Дневник Немощного. Глава ХLIII. Смерть ниамори. Поэзия как судьба
Глава XLIII
Обыватель многого не поймет в этом Дневнике, и тем более эту главу.
Этот заимствованный из русского языка эвфемизм («обыватель») точно отражает сущность человека, который прикован только к быту и думает, что только после того, как упорядочит свой быт, найдет время для возвышенного. Чем больше он погрязает в этой своей низменности, тем больше он сомневается не только в необходимости думать о возвышенном и стремиться к нему, но и в самом его существовании, и, таким образом, он некоторое время пытается превознести все земное, видимое. В этой гравитационной тюрьме у него обрываются сухожилия, и вдруг, изнеможденный этой бессмысленной и с самого же начала обреченной попыткой, он предпочитает снова погрязнуть в этой мелкотравчатости.
Нельзя назвать правым и человека, который отрицает все видимое и данное свыше, и, одержимый мыслью о бытии с невидимым, пренебрегает всем мирским - он так же труслив и эгоистичен, как и первый, и, быть может, еще хуже и зловреднее.
Человек - это создание, призванное быть милостивым, то есть богoподобным, и именно это выразил Спаситель, облагородив невидимым видимое. Цепляться за одно или другое состояние и упрямо застревать в нем – это и есть пример предательства и отрицания сущности человечности.
К сожалению, большинство членов человеческого обществa таковo, вернее, каждый из нас постоянно впадает в одно из этих двух состояний, и это называется грехом.

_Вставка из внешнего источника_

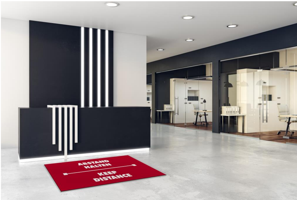
KEEP DISTANCE 2x1m, THE SAFEZONE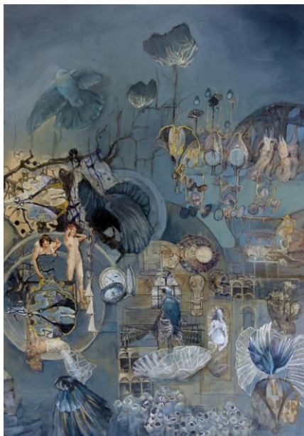
Katinka Kaskeline, O.T., 2017, Acryl, Transparentpapier, ausgeschnittene Buchillustrationen, Zeichentusche auf Holz, 60x42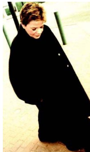
SALTO. La directora neoyorquina Marin Alsop.

La neoyorquina Marin Alsop acaba de romper una de las últimas barreras que quedaban por superar a la mujer en el mundo de la cultura: será directora titular de la Orquesta Sinfónica de Baltimore, una de las grandes formaciones de su país, a partir de septiembre del 2006. Es la primera mujer que ocupa la dirección de una importante orquesta sinfónica, un reducto hasta ahora estrictamente masculino, como si para empuñar la batuta fuese más necesaria la testosterona que el conocimiento de la arquitectura musical. Aún es pronto para saber si Alsop, de 48 años, dejará huella en la Sinfónica de Baltimore por la calidad de su trabajo, pero de momento ya ha conseguido entrar en la Historia.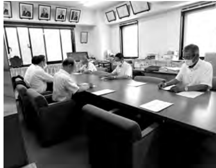
第1回広報委員会 7月19日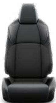
Fekete & sötétszürke szövet ülésborítás bőr betétekkel Széria a Style modellváltozaton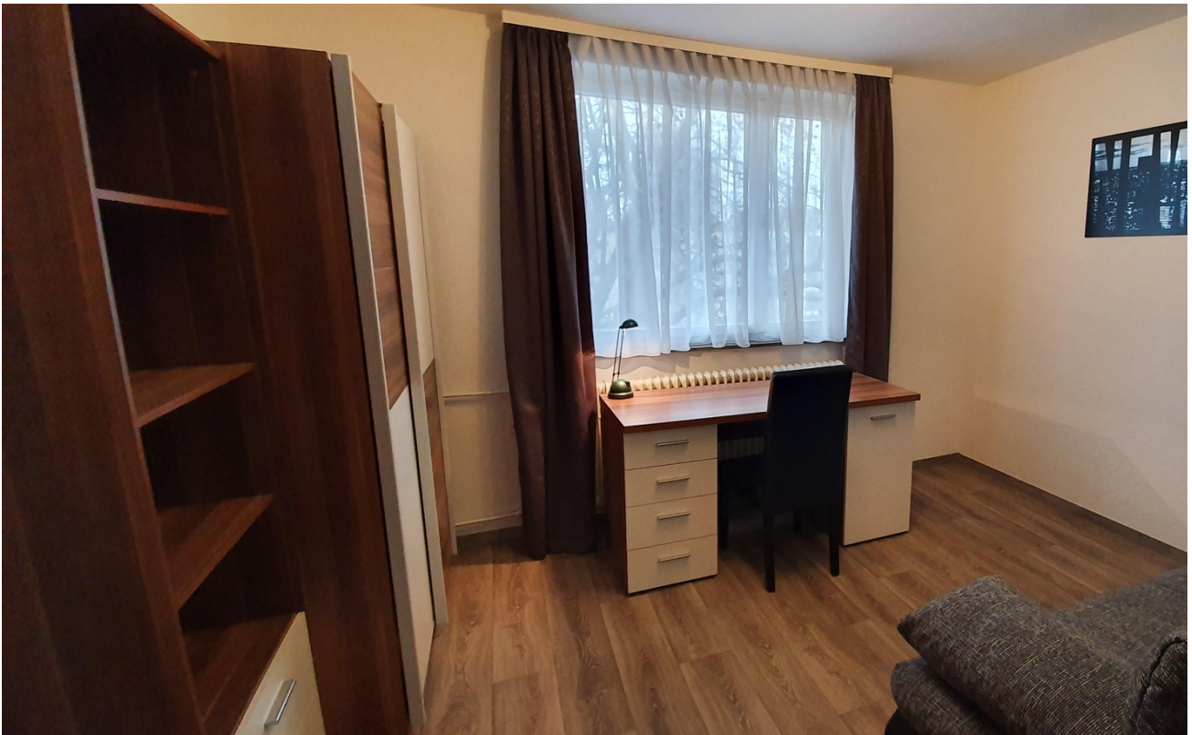
3er WG Studenten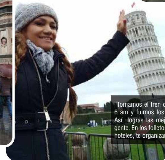
“Tomamos el tren desde Florencia a las 6 am y fuimos los primeros en entrar. Así logras las mejores fotos sin tanta gente. En los folletos de Florencia, en los hoteles, te organizan el tour.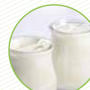
Pots de vidre (iogurts, postres, lactis...) Tarros de vidrio (yogures, postres, lácteos...)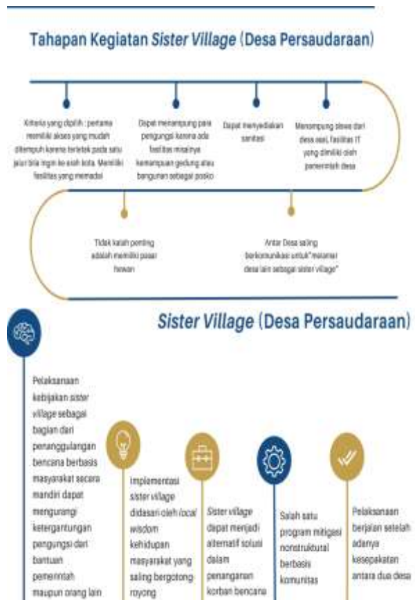
Gambar 2. Contoh Materi sosialisasi tentang kondisi saat tanggap darurat bencana dan konsep desa persaudaraan.

Pelaksanaan sosialisasi dihadiri oleh seluruh perwakilan dari 7 desa di kecamatan Pacet, Kabupaten Cianjur Jawa Barat yang terdiri dari 15 orang. Sosialisasi juga menawarkan rencana pembuatan aplikasi untuk mendukung pembentukan desa persaudaraan ( sister village ).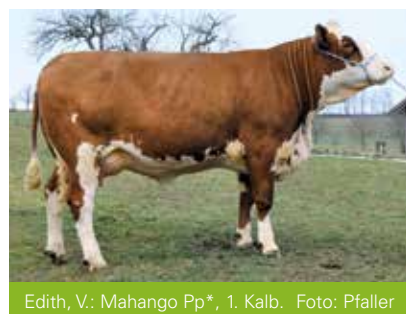
Edith, V.: Mahango Pp*, 1. Kalb.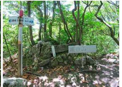
頭巾山(901m) の山頂。樹木に遮られ展望は得られない。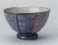
ア358-107 祥瑞かるかる茶碗大 φ10.8×6.7cm(100入・陶) 1,300円 ア358-117 祥瑞かるかる茶碗小 φ10.2×6cm(100入・陶) 1,300円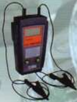
避雷針功能測試器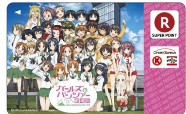
<カードデザインイメージ>

※内、約2000枚を11月15日（日）に茨城県大洗町にて開催される「あんこう祭」にて先行販売します。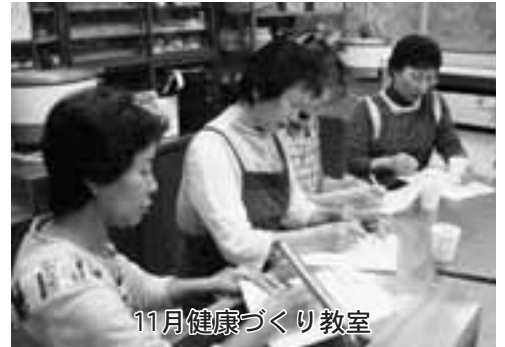
11月健康づくり教室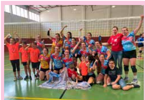
VOLEIBOL. El equipo senior de 2ª división logra el ascenso a Primera Autonómica tras proclamarse campeonas de liga.

DE LOS 10 AÑOS QUE LLEVAS SOBRE LA MOTO CUÁL ES EL MOMENTO MÁS EMOCIONANTE DE TU TRAYECTORIA. El año pasado gané en el Circuito de Jerez el Campeonato de España de Promo3. Fue muy muy emocionante.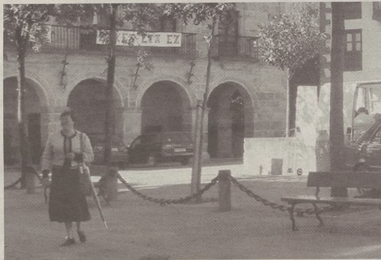
Ekainaren 10era arte lanean jarraituko dute Udaleko batzordeak.

Грех - не верить и отрицать невидимое и стремиться только к мирскому, и грех - пренебрегать видимым и пребывать в упоении полета на крыльях неземного.

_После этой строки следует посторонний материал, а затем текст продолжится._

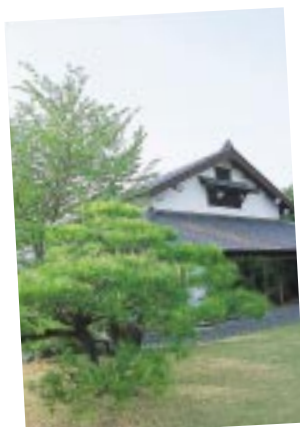
クロマツなどの力強い緑と、ツツジ、百日紅、百合といった季節の花が美しい庭園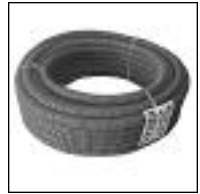
Rollo X 25 Mts.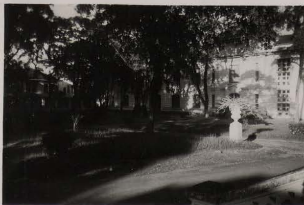
HANOI, septembre 1951.- La cour d'entrée de la Bibliothèque P. Pasquier.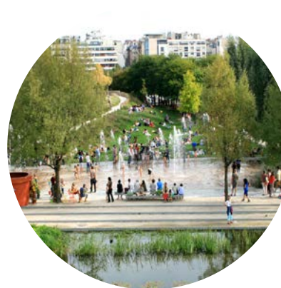
Parc Martin Luther-King, Paris 17 e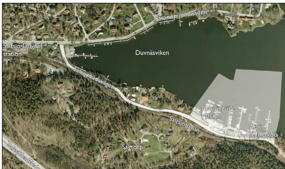
Figur 1. Kartan visar planområdet för Erstavik 25:38 m.fl. (Nacka kommun, 2012)

På uppdrag av Nacka kommun har Norconsult AB gjort denna dagvattenutredning för Program för fastigheten Erstavik 25:38 m.fl., Morningside Marina, se figur 1.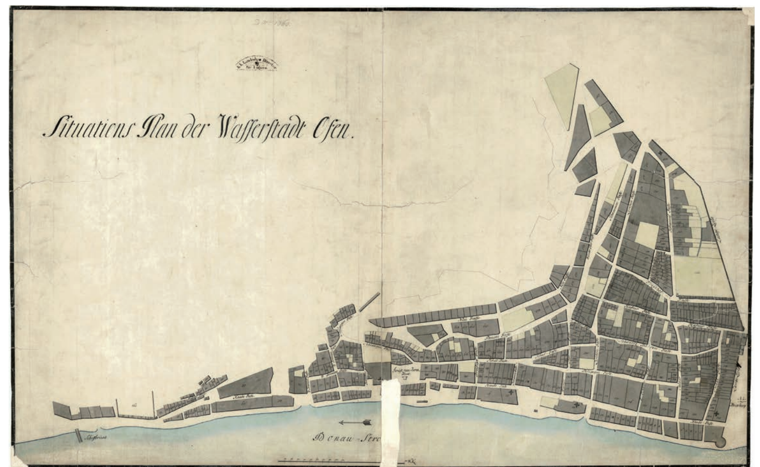
C.1.4 A Víziváros áttekintő térképe, 1786–1792 (BFL XV.16.a.205/62)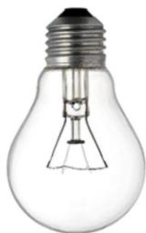
(لامپ رشته ای)

تلفن پشتیبانی : 051 552 68992 آدرس ما در شبکه های اجتماعی : @electronic20_ir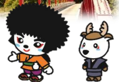
大鹿景清・大鹿鹿丸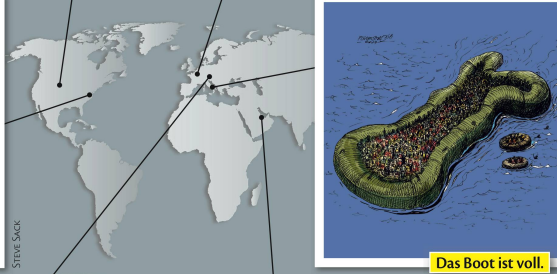
Das Boot ist voll.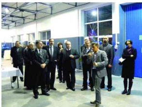
Otwarcie nowego zakładu w Roźniatowie

W ten sposób firma REPLAS wpisuje się w rosące społeczne zapotrzebowanie na skuteczną walkę z przybywającymi stertami śmieci, szczególnie tych, które jak plastik czy guma nie ulegają samoistnej bio-degradacji i pozostawione na wysypiskach śmieci trwać tam będą jeszcze przez setki lat. Dla wszystkich gmin uruchamiających na swoim terenie zbiórkę i segregację tych z jednej strony uciążliwych śmieci z drugiej zaś cennych surowców wtórnych firma REPLAS będzie naturalnym partnerem i sprzymierzeńcem w walce o „świat bez śmieci”.

Пока мы в этом мире, мы обязаны находиться в обоих состояниях, и вызванные этим мучения - это и есть сама человечность.
В действительности, в этой муке заключается истинная сладость и легкость, о которой Спаситель беседует со своими апостолами. Более всего это нужно человеку: знание того, что ничего не является бессмысленным и случайным в его жизни и даже если его ограниченный разум не может уловить причинно-следственную связь между видимым и невидимым, все всегда происходит чьей либо рукой по какой-либо причине. И единственной целью этого некто является спасение человека и забота о нем, даже если он этого не понимает, как не понимает ребенок, принимая горькое лекарство.

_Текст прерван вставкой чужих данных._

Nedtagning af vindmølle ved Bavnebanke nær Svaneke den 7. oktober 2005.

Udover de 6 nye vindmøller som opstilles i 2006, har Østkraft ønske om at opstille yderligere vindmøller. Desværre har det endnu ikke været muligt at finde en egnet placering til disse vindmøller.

Господь многое дал человеку для того, чтобы облегчить эту муку и суметь достойно нести этот крест. Примерами тому служат и плуг, и поэзия, и колесо, и музыка. Жаль, что и этим человек пользуется чаще для поощрения своего греха, чем для доказательства своей человечности.
Он так совершенствует плуг, чтобы будущие поколения не знали цену и вкус хлеба, он так развращает поэзию, что она становится пригодной только для возбуждения похоти. Вместо того, чтобы использовать колесо для наслаждения созерцанием мира, он использует его для порабощения других народов, и вместо того, чтобы посредством музыки укреплять свое единство с Богом, он создает из певца слащавого, а на самом деле грязного и развратного идoла.
В этом состоянии очень трудно писать на первичном, допотопном языке, который принадлежит нам, картвелам, и делать это так, чтобы написанное было понятно читателям, особенно молодым.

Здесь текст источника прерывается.